The latest figures released on the use of tasers by police forces across the country are starting to look concerning. While the jump from 187 uses between October to December 2008 to 250 during January to March this year can be explained by how the Home Office allowed Chief Officers to decide when "specially-trained" units can be deployed with the weapons, it doesn't explain why different forces are using them far more readily than others.

The most startling are the number of uses by Northumbria police, which since April 2004 has used tasers in one way or another on 704 occasions, 4 more than even the Met has. This is an astounding number, especially when compared to another force of similar size and with a similar urban environment, Merseyside, who also took part in the same trial as Northumbria and which has used them just 76 times in total. One explanation might that more units were trained in their use than in the other forces, but Northumbria's use still seems to be remarkably high. Northumbria claim that their use is highest because they're the only force to train firearm response officers to also use them, and that the rise would correspond with the drop in firearm officers being deployed, in contrast to other forces, but it also makes you wonder whether because officers know this they more readily call for help when faced with problems they would have dealt with themselves before. Only the Met and West Yorkshire actually fully "discharged", as in fired rather than threatened their use or pressed the weapon up against the person on more occasions.

The biggest worry with the use of tasers has to be that when the police would previously have reasoned extensively to subdue someone who was uncooperative with them, or used acceptable, if subjective force to achieve the same result, the weapon becomes the first resort rather than the last, even if used just simply as a threat.
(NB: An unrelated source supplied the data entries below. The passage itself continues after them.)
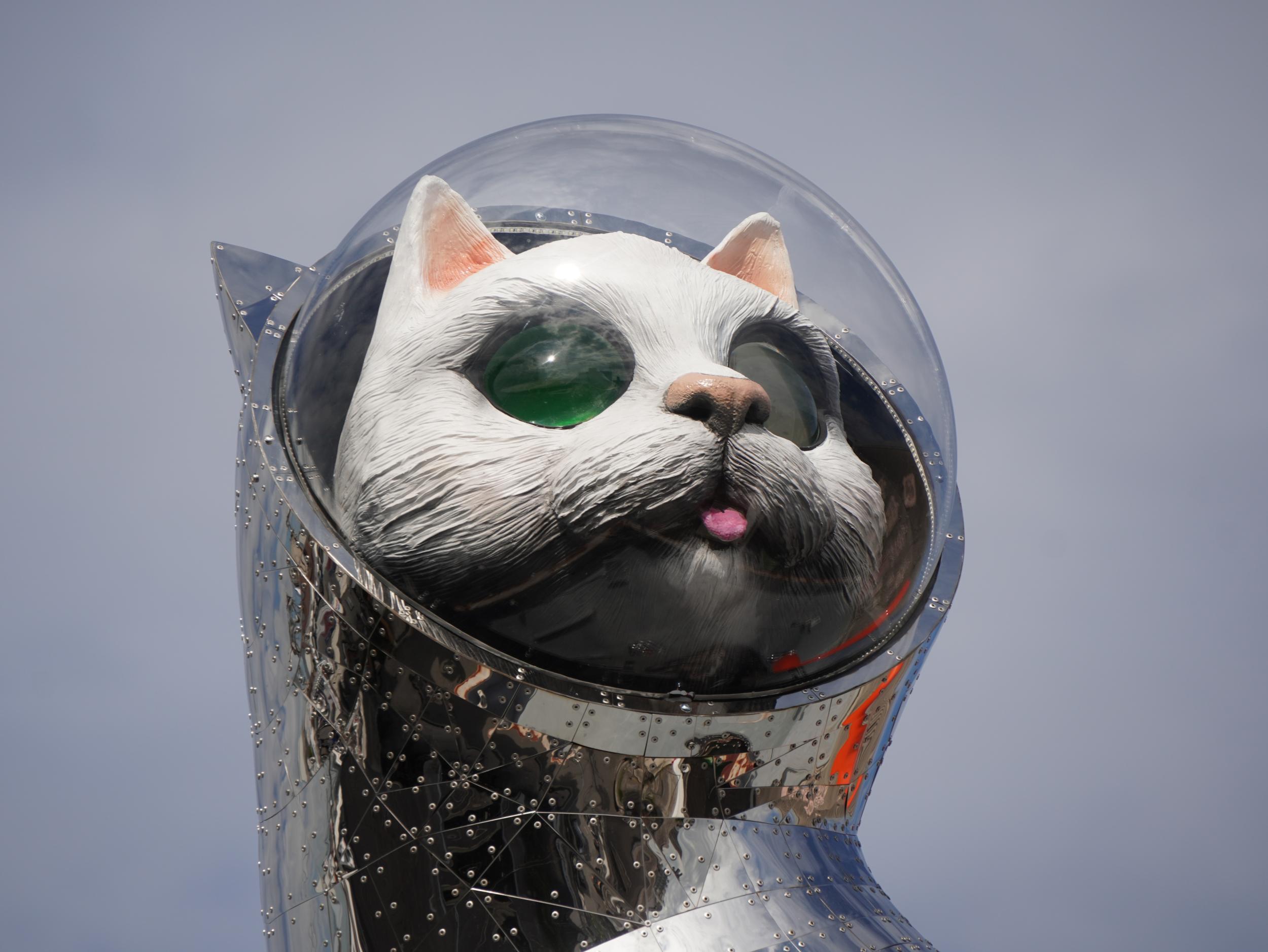 金色の顔の胴体からの離れ方も太陽の塔の黄金の顔と同じ、太陽の塔の黒い顔同様に背中に緑色の顔が描かれているのが少し見えるものの、後ろに回り込めないのが残念。ヤノベ氏のウェブページで緑色の顔を確認できます。ルカ号に乗って35億年前の地球にやってきた宇宙猫の物語もYouTubeで確認できます。
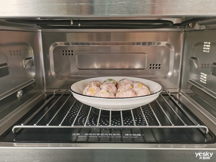此外,这款微蒸烤一体机还有微波+烧烤的功能,在烧烤的同时加上微波,烹饪速度加快,适合烤制猪蹄等比较大的肉类。
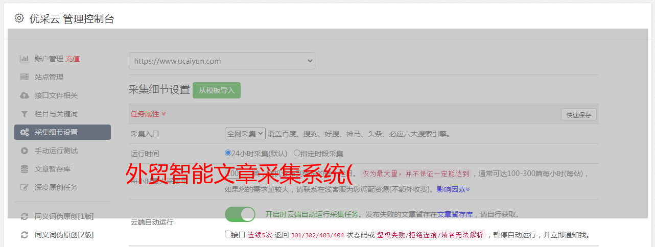 优采云 发布时间: 2021-10-06 19:32外贸智能文章采集系统(
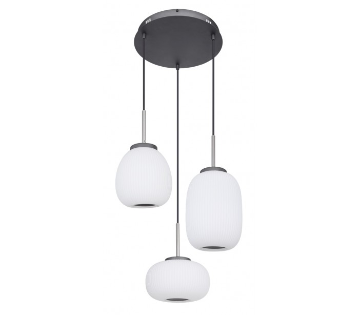 Loftlampe i et moderne design, fremstillet i opalhvid glas og antracitfarvet metal. Lampen måler 120 cm i højden og 49 cm i diameter og anvender 1 x 45W LED lyskilde (Inkl.).
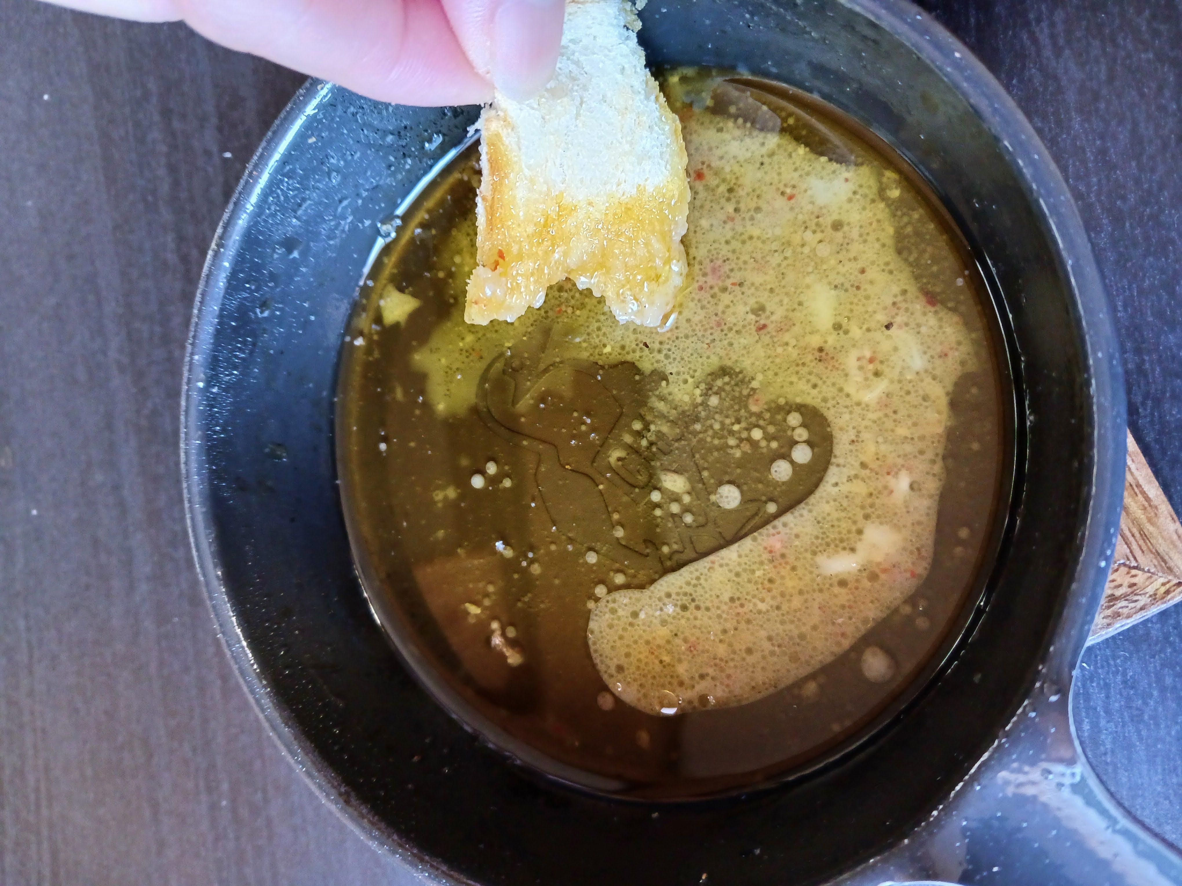 具材のうまみが染み出たオリーブオイルにトーストをつけて・・・
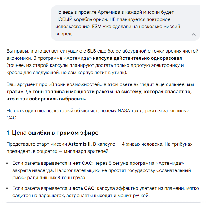 Есть еще один очень спорный момент в этом проекте. Это система аварийного спасения LAS — Launch Abort System. Представляет собой массивную 13-метровую башню, установленную на вершине корабля Orion. Которая должна типа спасти экипаж в случае если sls начнет взрываться на этапе выхода в космос. А если все проходит штатно, то она сбрасывается. Дак вот весит эта ебала семь с половиной тонн. Сам орион весит 9.3 тонны. Впрочем, на "Союзах" аналогиченая система спасения. Которая уже срабатывала трижды успешно спасая космонафтов. Вообще если делать инновационный космический корабль, то нужно отказываться от этих систем страховки на старте. Нужно рисковать. Тогда можно будет получать космические корабли весом почти в два раза больше. Это даст огромные возможности.
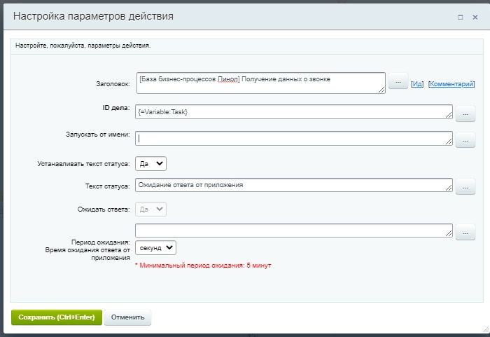 Активити «Запуск бизнес-процесса по Делу» - позволяет запускать бизнес-процесс по сбору аналитики после каждого состоявшегося звонка.

Unlike in the US, where the Taser was meant to be deployed as an alternative to firearms (even if, somewhat predictably, no such fall in the use of guns seems to have been noted), police in this country have only ever used guns when the suspect is also believed to have or has used one. That tasers seem to be entering normal police use, and that as a result, their use also becomes to be seen as normal is a cause for concern when the safety of the weapons is far from being certain. As the Guardian leader argues, the exact circumstances of their use, as well as how they were used needs to be recorded to ensure that the above doesn't become the norm. The police blogger Nightjack wrote that most police were approachable and pleasant, it was just that they had started to dress and be armed like "imperial stormtroopers" which worried and put the general public off. The casual deployment of tasers would only make such attitudes worse.